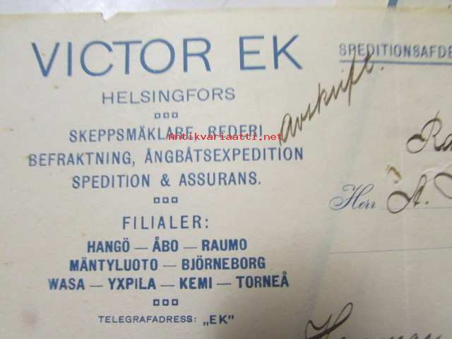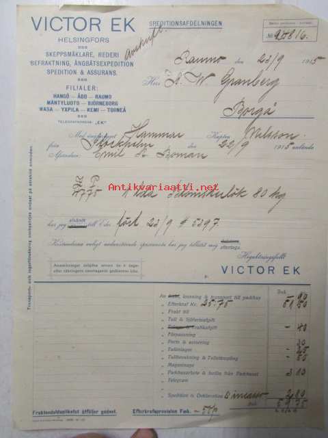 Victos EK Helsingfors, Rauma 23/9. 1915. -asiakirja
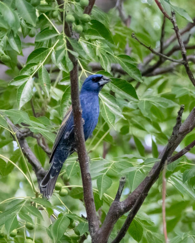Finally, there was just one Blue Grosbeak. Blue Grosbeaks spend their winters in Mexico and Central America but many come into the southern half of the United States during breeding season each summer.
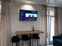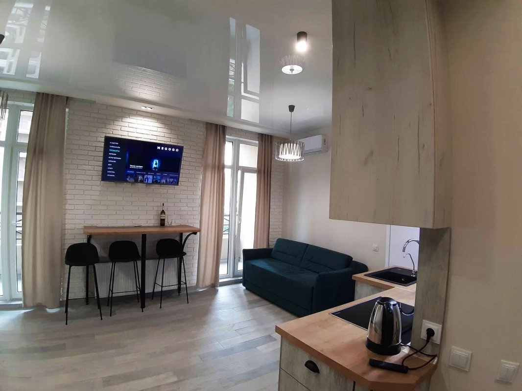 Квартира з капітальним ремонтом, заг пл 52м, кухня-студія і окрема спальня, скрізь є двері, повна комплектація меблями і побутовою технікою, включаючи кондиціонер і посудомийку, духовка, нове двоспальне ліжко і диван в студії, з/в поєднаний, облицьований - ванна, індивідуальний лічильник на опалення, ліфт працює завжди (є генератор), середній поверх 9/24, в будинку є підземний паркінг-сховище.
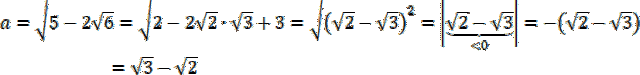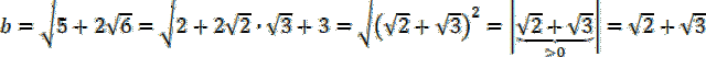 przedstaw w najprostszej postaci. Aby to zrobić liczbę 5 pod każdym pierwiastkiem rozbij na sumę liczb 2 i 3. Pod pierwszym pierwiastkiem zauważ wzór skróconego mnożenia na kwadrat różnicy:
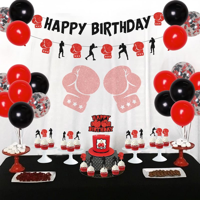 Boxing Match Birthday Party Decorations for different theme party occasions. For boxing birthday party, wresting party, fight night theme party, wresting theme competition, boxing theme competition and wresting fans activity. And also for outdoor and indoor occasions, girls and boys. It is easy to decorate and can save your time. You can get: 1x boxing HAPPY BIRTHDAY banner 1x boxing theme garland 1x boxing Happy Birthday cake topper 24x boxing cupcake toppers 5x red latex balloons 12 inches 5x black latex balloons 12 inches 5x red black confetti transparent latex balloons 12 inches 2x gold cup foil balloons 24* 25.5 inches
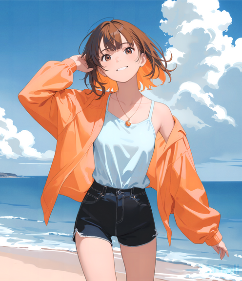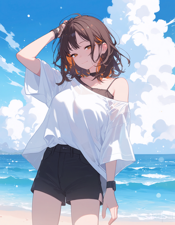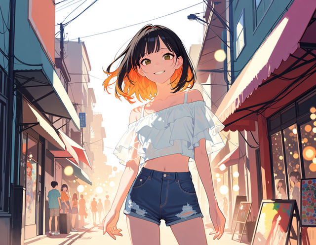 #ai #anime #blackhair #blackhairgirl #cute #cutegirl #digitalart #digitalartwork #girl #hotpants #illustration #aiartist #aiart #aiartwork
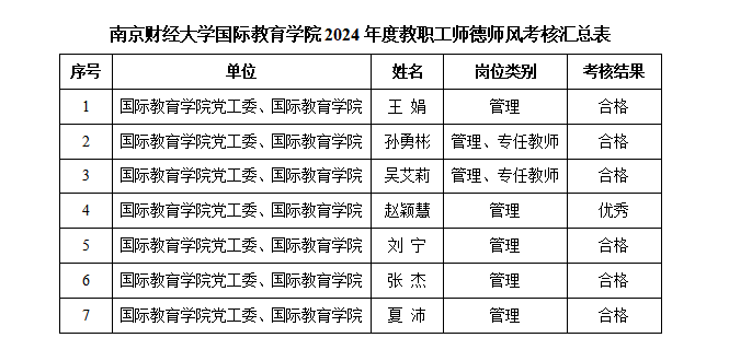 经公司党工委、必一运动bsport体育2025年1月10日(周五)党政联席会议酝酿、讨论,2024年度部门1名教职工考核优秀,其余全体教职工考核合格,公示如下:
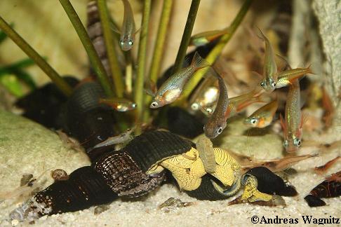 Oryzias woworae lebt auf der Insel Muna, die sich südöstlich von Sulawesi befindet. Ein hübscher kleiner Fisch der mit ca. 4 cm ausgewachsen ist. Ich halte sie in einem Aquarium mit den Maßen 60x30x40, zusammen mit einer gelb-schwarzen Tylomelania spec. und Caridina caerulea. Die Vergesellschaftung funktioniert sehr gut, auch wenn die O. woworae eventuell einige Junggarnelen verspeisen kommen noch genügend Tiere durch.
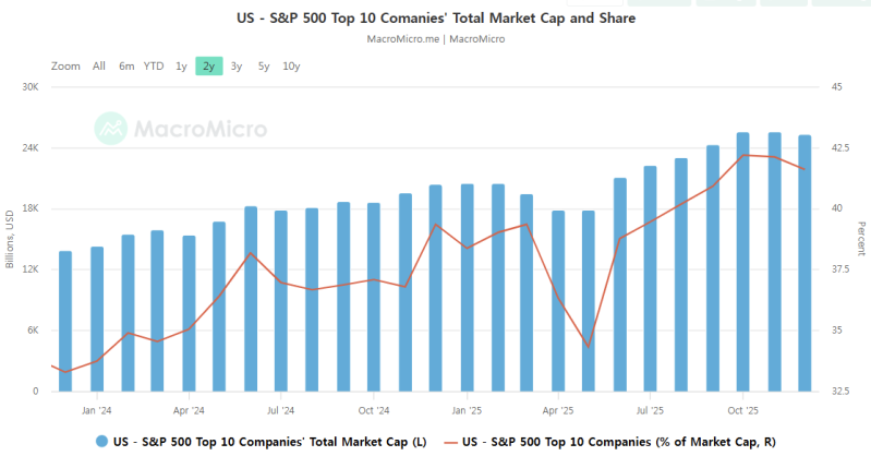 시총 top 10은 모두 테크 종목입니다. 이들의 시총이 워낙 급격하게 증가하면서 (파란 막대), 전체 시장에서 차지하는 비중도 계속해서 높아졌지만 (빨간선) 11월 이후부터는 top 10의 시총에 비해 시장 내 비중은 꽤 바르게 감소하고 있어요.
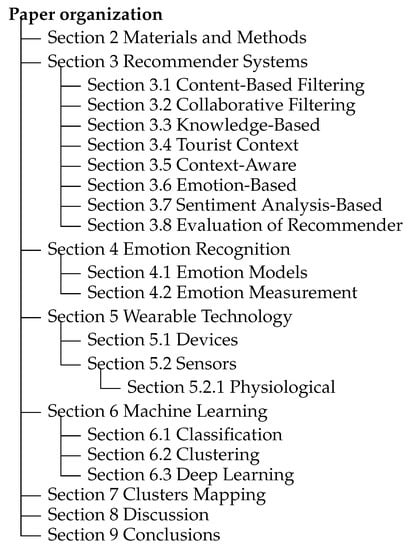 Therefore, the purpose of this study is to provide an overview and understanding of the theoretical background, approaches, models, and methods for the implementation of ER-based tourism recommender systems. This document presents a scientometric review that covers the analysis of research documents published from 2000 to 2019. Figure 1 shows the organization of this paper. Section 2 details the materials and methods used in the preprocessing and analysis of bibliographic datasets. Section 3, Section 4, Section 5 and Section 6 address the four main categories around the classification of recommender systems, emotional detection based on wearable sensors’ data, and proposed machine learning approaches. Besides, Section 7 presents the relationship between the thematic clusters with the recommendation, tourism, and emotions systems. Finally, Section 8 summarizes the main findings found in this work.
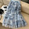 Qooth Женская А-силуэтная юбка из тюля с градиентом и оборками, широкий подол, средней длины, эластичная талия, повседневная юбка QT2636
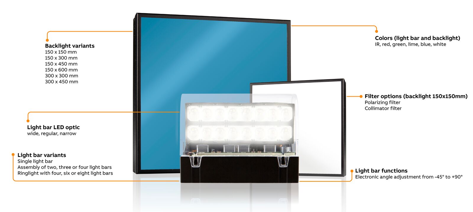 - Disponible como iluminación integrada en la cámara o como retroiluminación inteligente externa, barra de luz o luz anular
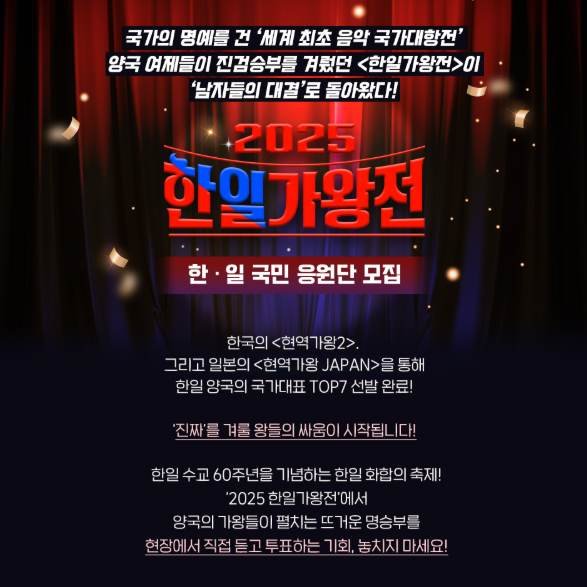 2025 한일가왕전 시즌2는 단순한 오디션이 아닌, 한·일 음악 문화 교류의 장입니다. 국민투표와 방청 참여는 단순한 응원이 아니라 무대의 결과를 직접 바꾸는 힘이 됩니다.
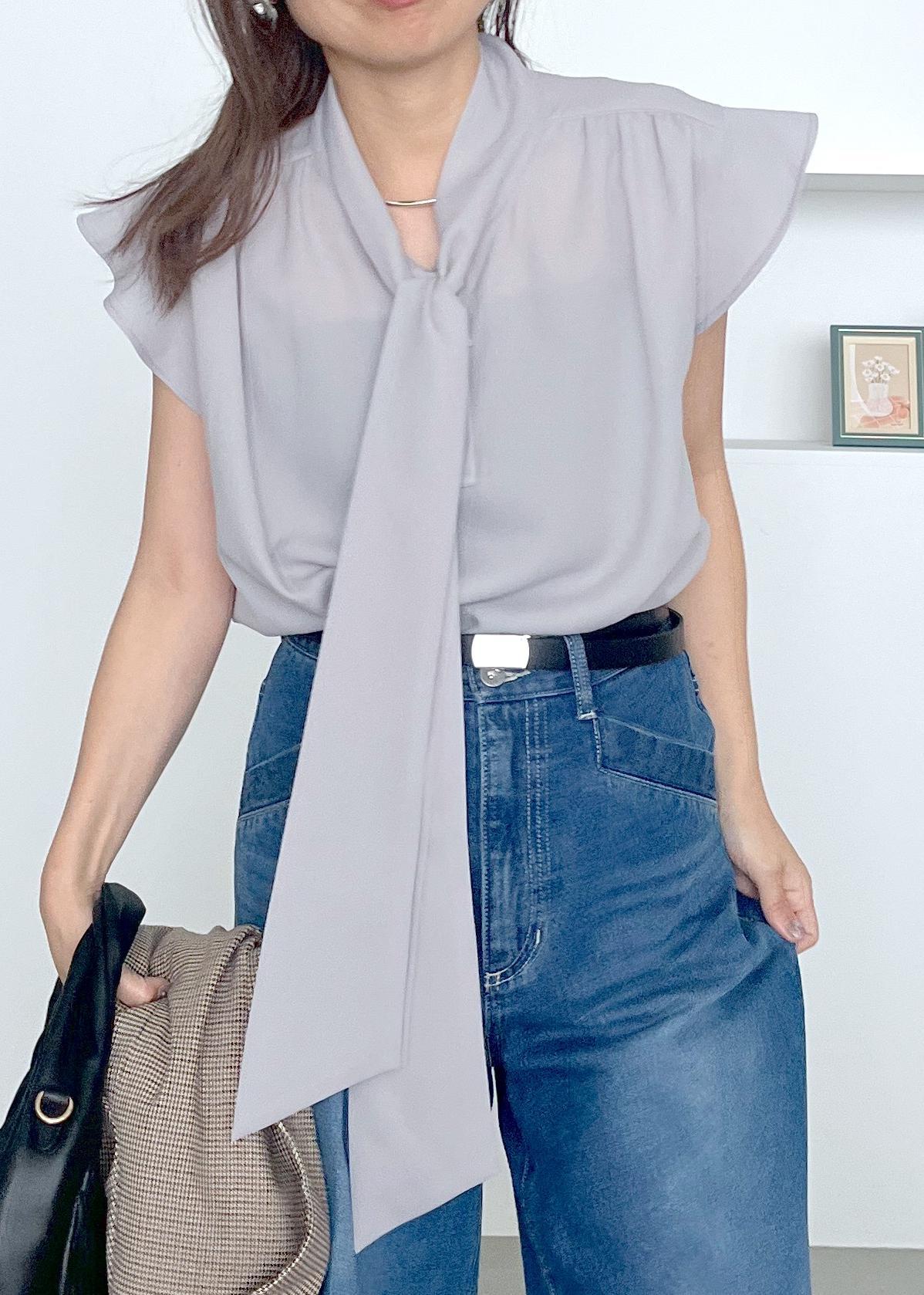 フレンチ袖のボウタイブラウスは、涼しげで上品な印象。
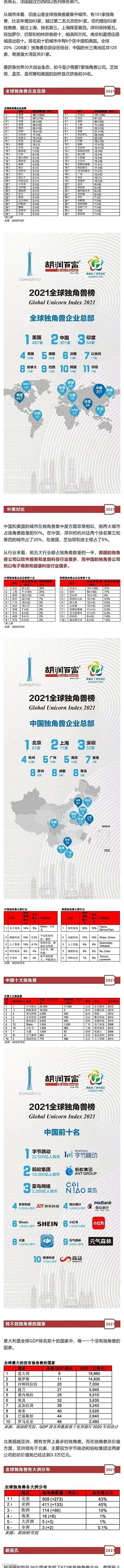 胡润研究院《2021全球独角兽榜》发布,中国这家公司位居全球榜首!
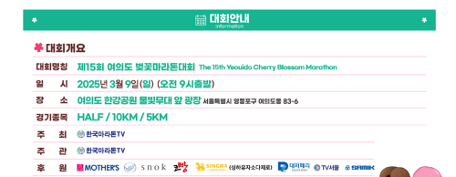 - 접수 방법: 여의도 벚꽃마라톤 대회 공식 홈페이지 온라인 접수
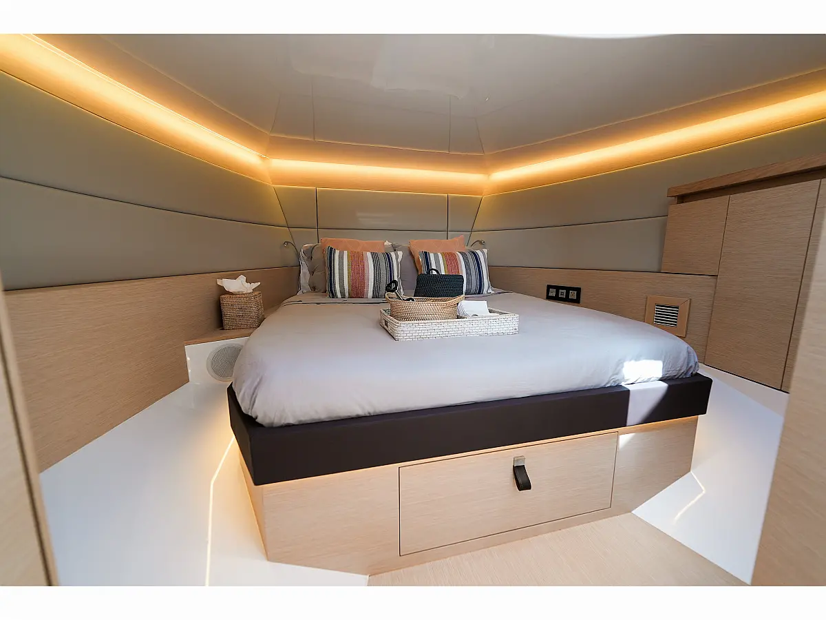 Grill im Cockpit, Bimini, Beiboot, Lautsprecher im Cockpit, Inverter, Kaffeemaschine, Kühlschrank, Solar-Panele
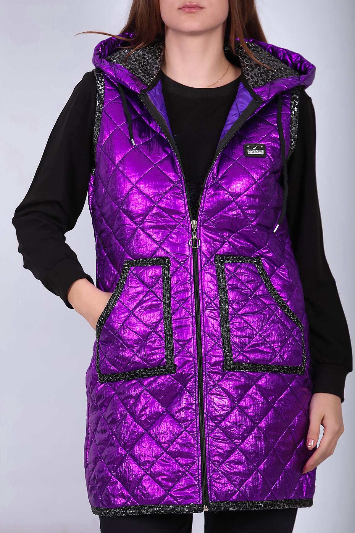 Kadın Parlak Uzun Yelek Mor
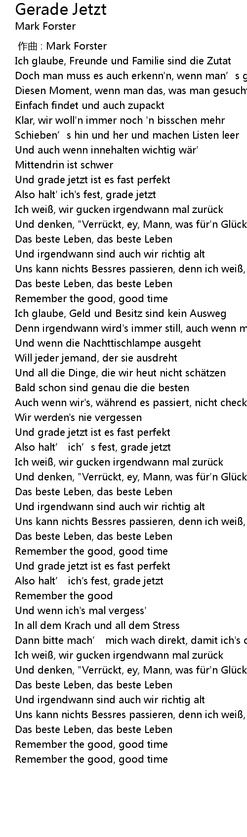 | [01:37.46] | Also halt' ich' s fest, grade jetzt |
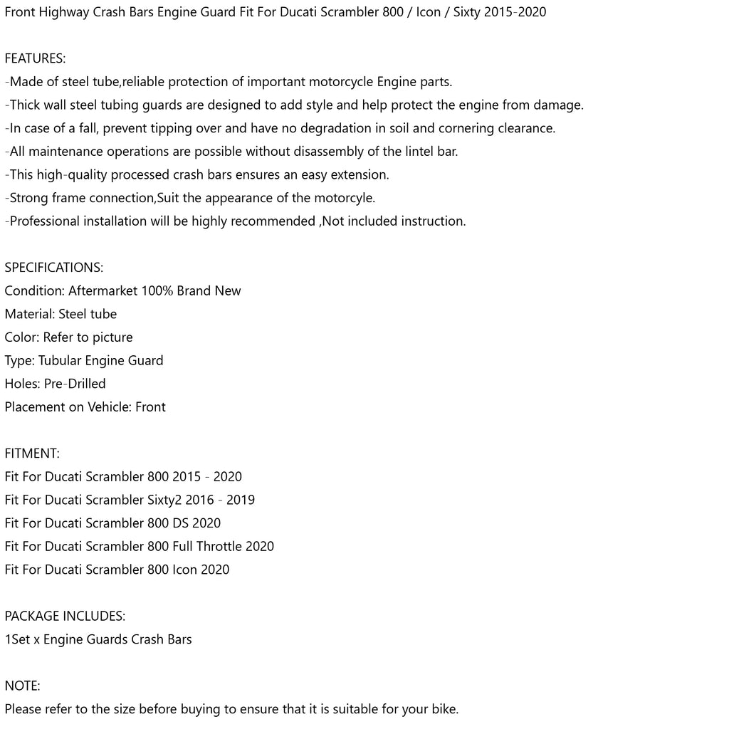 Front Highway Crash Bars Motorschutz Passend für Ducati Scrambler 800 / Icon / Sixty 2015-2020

========================================================================

■ TRY IT: Reproduce exactly the lines above starting at the line containing "Grill im Cockpit, Bimini, Beiboot, Lautsprecher" and ending at the line containing "grade jetzt |", including both, but not the pictures.

■ RESPONSE BELOW:
 Grill im Cockpit, Bimini, Beiboot, Lautsprecher im Cockpit, Inverter, Kaffeemaschine, Kühlschrank, Solar-Panele
 Kadın Parlak Uzun Yelek Mor
 | [01:37.46] | Also halt' ich' s fest, grade jetzt |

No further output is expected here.